Can you rename the directories MasterProcWALs & WALs found in /usr/var/lib/ambari-metrics-collector/hbase

# mv MasterProcWALs XXXMasterProcWALs
# mv WALs XXXWALs

Now restart the hbase and thereafter the Namenode

Please revert

Re: How to start namenode with filenotfoundexception?

Mentor

@scott powers

Any updates?

Re: How to start namenode with filenotfoundexception?

New Contributor

This is a production cluster that is kerberized. There have been a bunch of ongoing problems over the last week, of which this is one. I have 2 hbase masters in the cluster at the moment. I don't have any hbase dependent services, just an internally developed service that we can easily recreate the data for.

Given that I have been having issues all week I am hesitant to restart the cluster.

The only error I found in the base log is

2019-02-08 14:53:35,713 WARN  [Thread-18] wal.WALProcedureStore: Unable to read tracker for hdfs://cluster/apps/hbase/data/MasterProcWALs/pv2-00000000000000000336.logorg.apache.hadoop.hbase.procedure2.store.wal.ProcedureWALFormat$InvalidWALDataException: Missing trailer: size=19 startPos=19  at org.apache.hadoop.hbase.procedure2.store.wal.ProcedureWALFormat.readTrailer(ProcedureWALFormat.java:183)  at org.apache.hadoop.hbase.procedure2.store.wal.ProcedureWALFile.readTrailer(ProcedureWALFile.java:93)  at org.apache.hadoop.hbase.procedure2.store.wal.ProcedureWALFile.readTracker(ProcedureWALFile.java:100)  at org.apache.hadoop.hbase.procedure2.store.wal.WALProcedureStore.initOldLog(WALProcedureStore.java:1386)  at org.apache.hadoop.hbase.procedure2.store.wal.WALProcedureStore.initOldLogs(WALProcedureStore.java:1335)  at org.apache.hadoop.hbase.procedure2.store.wal.WALProcedureStore.recoverLease(WALProcedureStore.java:416)  at org.apache.hadoop.hbase.procedure2.ProcedureExecutor.init(ProcedureExecutor.java:714)  at org.apache.hadoop.hbase.master.HMaster.createProcedureExecutor(HMaster.java:1398)  at org.apache.hadoop.hbase.master.HMaster.finishActiveMasterInitialization(HMaster.java:857)  at org.apache.hadoop.hbase.master.HMaster.startActiveMasterManager(HMaster.java:2225)  at org.apache.hadoop.hbase.master.HMaster.lambda$run$0(HMaster.java:568)  at java.lang.Thread.run(Thread.java:745)

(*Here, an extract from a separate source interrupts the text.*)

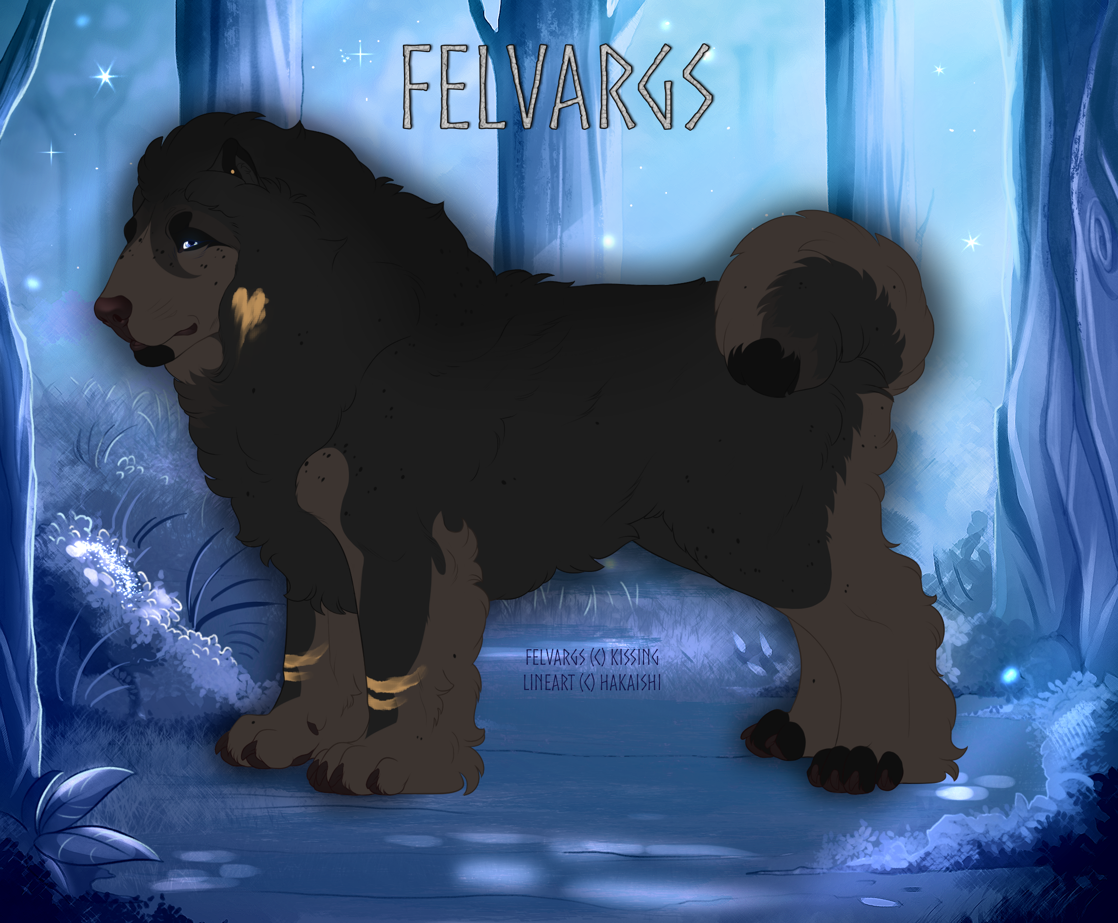 A felvarg often found with a wide grin, Josuke is a friendly and robustly polite felvarg. He's your local, goofy puffball who's got a nose for curious troubles. He prefers the sound of rowdy village banter to the quiet meadows, and he alone could fill an entire forest with chatter. Overall, he's quite a mellow fellow, and can dig up a friend in any individual who's kind. This proud cotton ball has a crippling fault, however. His fur. Oh gods, his fur. It's his pride and joy. His golden ticket. His sweet cinnamon apple. The thing he will tend to even after the world's met its end and there are no reflective surfaces to use. His daily routine is utterly ridiculous, and anyone who causes a stink about it is met with the wrath of an absolute temper tantrum. Oh, Josuke. You lovable idiot.

Re: How to start namenode with filenotfoundexception?

New Contributor

It seems that the issue was not about hbase, but instead related to the namenode. Performing a bootstrapStanby after a backup resolved the issue. The biggest concern is that this was done without putting the cluster into safe mode, since the second namenode could not start up.